[Material provided]:
* * * * * * * * *

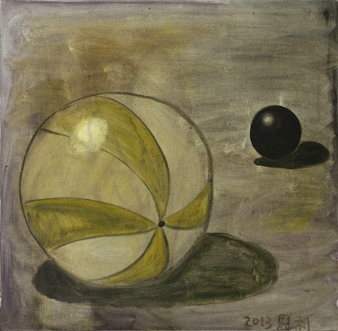 Outside the box, one finds Zhang’s paintings also have a kind of rangy spaciousness to them. They are huge, and he seems obsessed by ropes, nets and mysterious trussed-up packages, like the ones in The Box (above left) and The Package. One smaller painting is called Melancholy (pictured right), but before I look at the title I look at the painting for a long time. It features two balls, one big beach ball in white and yellow, the other a smaller black ball that looks like dense, heavy matter (whether it's much smaller or simply further away is difficult to tell). One thinks of a threatening presence, small but full of menacing intent, waiting, knowing that the bigger ball is just a big softy who is easily deflated.
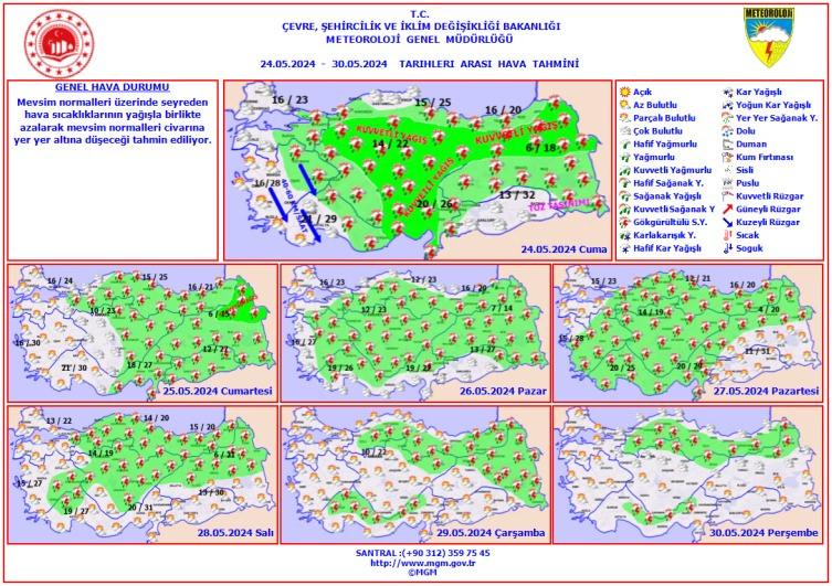 Mevsim normalleri üzerinde seyreden hava sıcaklıklarının yağışla birlikte azalarak mevsim normalleri civarına yer yer altına düşeceği tahmin ediliyor.
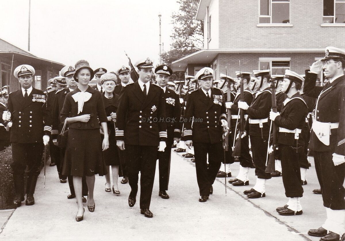 Prins Albert in het uniform van fregatkapitein en Prinses Paola schouwen een erewacht van de Zeemacht tijdens hun bezoek aan Oostende naar aanleiding van de aankomst van de hoogzeemijnenveger "J.E. Van Haverbeke" uit de Verenigde Staten. Links van de prinses Korvetkapitein Vervynck (met sabel). Rechts van de prins Kapitein ter Zee Delforge.
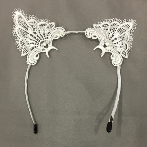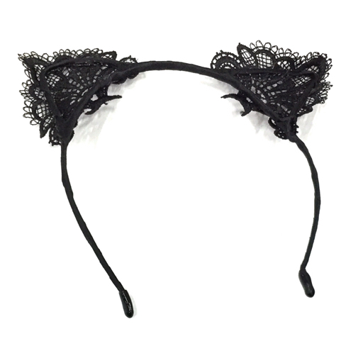 送料360円 ブランド不明 レース 猫耳 ネコミミ カチューシャ ブラック 他 ホワイト 含 計2点 セット 同梱NG |

* * * * * * * * *

[How to complete this task]:
Pictures are not part of the answer, which must be the exact lines from the one holding "Prins Albert in" through the end of the material, both ends included.

[Task solution]:
 Prins Albert in het uniform van fregatkapitein en Prinses Paola schouwen een erewacht van de Zeemacht tijdens hun bezoek aan Oostende naar aanleiding van de aankomst van de hoogzeemijnenveger "J.E. Van Haverbeke" uit de Verenigde Staten. Links van de prinses Korvetkapitein Vervynck (met sabel). Rechts van de prins Kapitein ter Zee Delforge.
 送料360円 ブランド不明 レース 猫耳 ネコミミ カチューシャ ブラック 他 ホワイト 含 計2点 セット 同梱NG |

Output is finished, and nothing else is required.